As personal as some of the tracks can sound -Julia describes some of them as being tantamount to a ‘tour diary’ - there’s also some hugely oblique lyrical content across 'GN'. It runs the gamut from ‘Elvis is in the Freezer’, which details Steiner returning to her family home in Kentucky to learn that her dead cat was in cold storage - to ‘Crying About the Planets’, a tale inspired by the Australian explorer of the Atlantic, Douglas Mawson.

“I think certain songs come out and they’re about your feelings, or your moods, or your emotional life,” she explains. “and then there’s some that are more abstract. I feel like the best way to appreciate and engage with other people’s stories is to insert myself into the situation. Stories like Douglas Mawson are ones that I found on Wikipedia and then eventually ran out of reading material on, but I wanted to keep going. It’s nice to try to be somebody else for a while.”

“There’s nothing to the whole ‘post-country’ thing - it’s just a genre I made up when I was in college.”

— Julia Steiner

That’s something that extends to musical considerations also, with different influences taking hold on 'GN' that transcend the idea of post-country. “Growing up, country music to me was Hank Williams and Dolly Parton - people who were icons,” says Julia. “It seems like it doesn’t exist any more. People like Keith Urban, they’re very talented and obviously super successful, but I wouldn’t classify that as country - it’s pop to me. We were definitely more deliberate this time, thinking more about tone and melodies. It still blows me away that I bought my first guitar a week before we started recording 'AOID', and as fun as it was to be that spontaneous, I think this record is better for having had us pore over the songs a little more.”

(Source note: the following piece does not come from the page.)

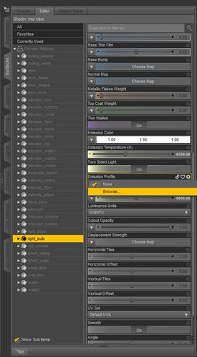 So back to the image bellow, the one marked default is DZFires 100W bulb at its default settings. In the rest of the images the only change that was made is a different ies profile in the Emission Profile channel.

With the day-to-day of touring now so crucial to Julia's creative outlook and the band now established on Topshelf Records, they’ll doubtless be out in force in support of 'GN', with dates overseas beginning to come together. “Literally right before you called me, I was emailing somebody who books for us in Europe, so we’re definitely coming back," she enthuses. "The first time we went over was intense, because we were there for five weeks. It was a dream come true though, especially to go back to Dublin, where I lived for a year; to go back there with my band, when I only ever used to play by myself, was the most satisfying thing ever. The plan is early next year, but we’ll see; it seems like things always take their own course with this band!”

Ratboys' new album 'GN' is available now via Topshelf Records.